Status: RESOLVED NOTABUG
Product: GStreamer
Classification: Platform
Component: gstreamer (core)
git master
Other Linux
: Normal normal
: git master
Assigned To: GStreamer Maintainers
GStreamer Maintainers
Depends on:
Blocks:
 
 
Reported: 2016-04-12 10:35 UTC by mariuszb
Modified: 2016-04-15 12:18 UTC
See Also:
GNOME target: ---
GNOME version: ---


Attachments
basesink: Take PREROLL_LOCK in wait_event() (1.06 KB, patch)
2016-04-12 12:12 UTC, Sebastian Dröge (slomo)
rejected Details | Review

Description mariuszb 2016-04-12 10:35:10 UTC
I'm seeing a deadlock in certain cases when after calling klass->wait_event() preroll mutex remains locked. This is happening because gst_base_sink_default_wait_event() calls to gst_base_sink_do_sync() which requires preroll lock to be taken before. Sadly gst_base_sink_default_wait_event() doesn't do that and eventually GST_BASE_SINK_PREROLL_WAIT() is called without preroll mutex being taken. After the wait finishes corresponding preroll mutex remains locked causing a deadlock later in the execution (state change in my case). 

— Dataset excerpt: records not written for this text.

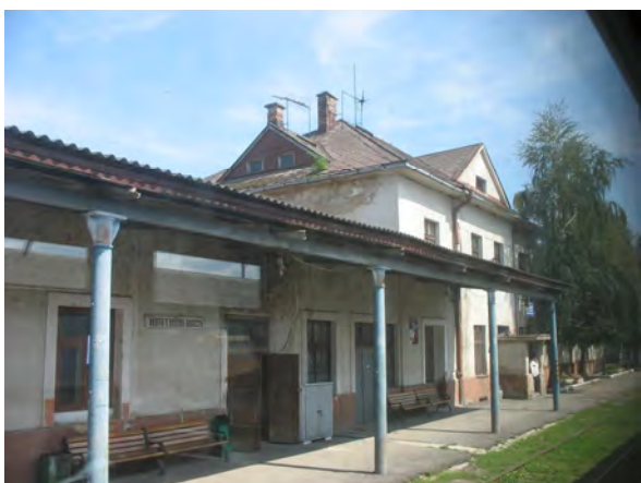
Рис. 5. Вокзал у Хусті

Найвиразніші будинки вокзалів, які бачимо сьогодні, це є вокзали у Хусті та в Іршаві, де основна споруда вокзалу зберігається, хоча спостерігаються асиметричні прибудови. Стилістично вокзали наближаються до раціоналістичних мотивів (рис. 5, 6). Аналоги у пластичному вирішенні фасадів спостерігаємо у вокзалах Словаччини.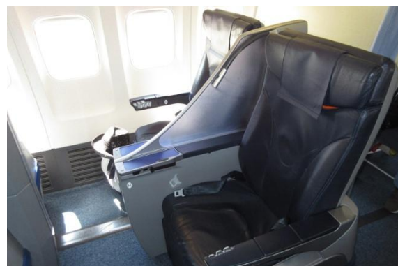
セントレア発着便に使われているB737-800のプレミアムクラス座席。ゆったりしていますがそろそろ古さを感じました。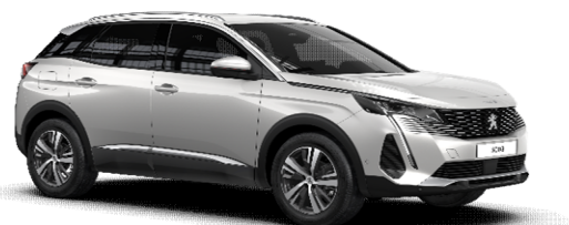
N9M6 - BELA NACRE

A fix for that doesn't seem to be so obvious as there are other functions (like gst_base_sink_event()) which end up calling gst_base_sink_do_sync() with preroll lock taken.

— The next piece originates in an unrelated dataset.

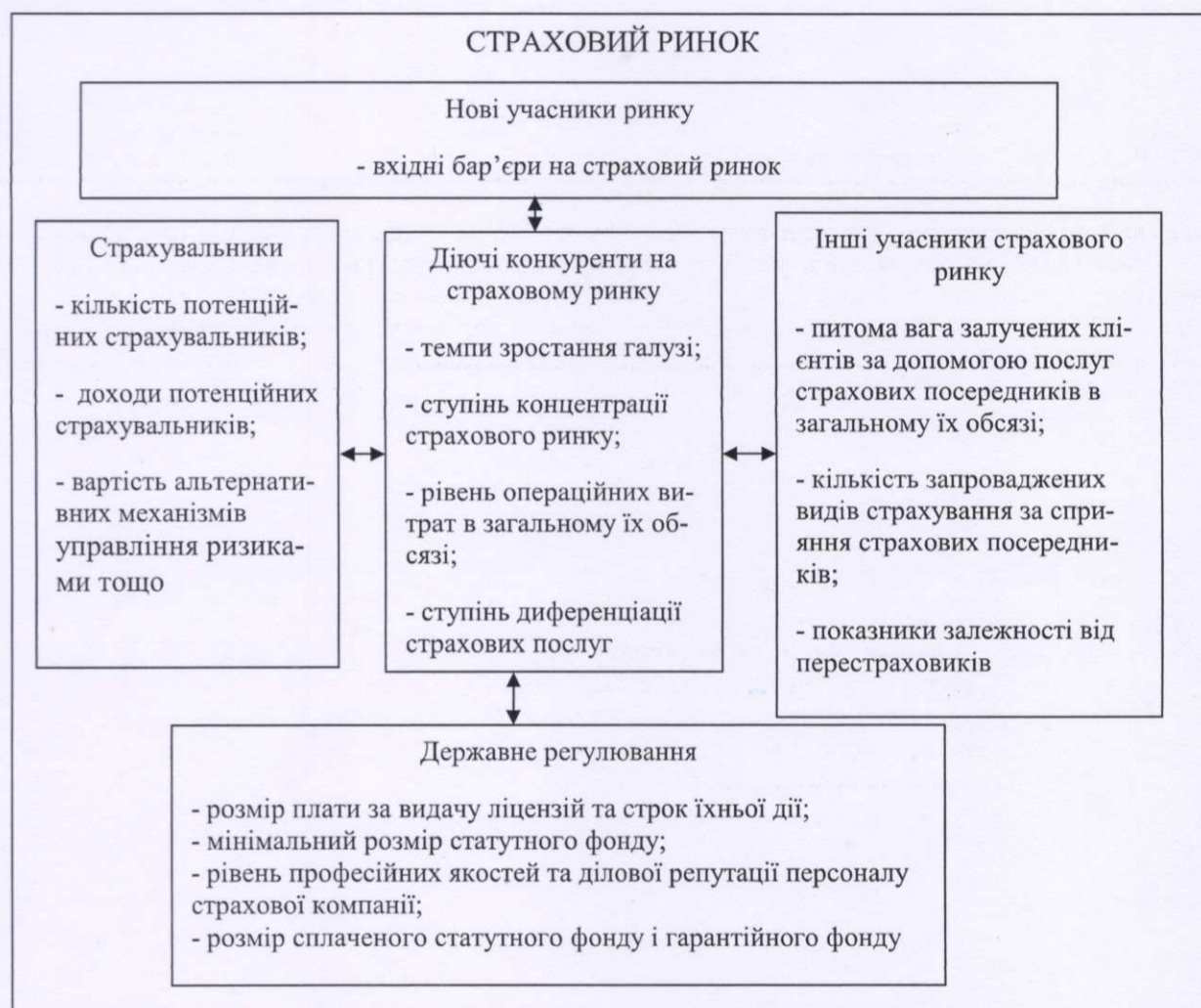
Рис. 1. Чинники та індикатори аналізу конкурентної боротьби на страховому ринку України

Наведений рисунок 1 демонструє п'ять чинників (діючі конкуренти, інші учасники страхової галузі, державне регулювання, страхувальники та нові учасники ринку), які визначають привабливість страхового ринку, а також основні характеристики, за допомогою яких можна визначити їхню значущість для фінансової безпеки окремої страхової компанії.

Is this a genuine issue or gstbasesink usage error on my part?
Comment 1 Sebastian Dröge (slomo) 2016-04-12 11:11:27 UTC
From where is default_wait_event() called in your case? Do you call it, or basesink?
Comment 2 mariuszb 2016-04-12 11:39:35 UTC
I'm calling klass->wait_event() (GstBaseSink::event) in my event handler.
Comment 3 Sebastian Dröge (slomo) 2016-04-12 12:12:24 UTC
You shouldn't do that (wait_event is supposed to be called by the base class), but also the way how it's used in the base class is wrong: gst_base_sink_default_wait_event() calls do_sync(), which must be called with the STREAM_LOCK (it is in all cases) and the PREROLL_LOCK (it is not in all cases).
Comment 4 Sebastian Dröge (slomo) 2016-04-12 12:12:32 UTC
Created attachment 325792 [details] [review]
basesink: Take PREROLL_LOCK in wait_event()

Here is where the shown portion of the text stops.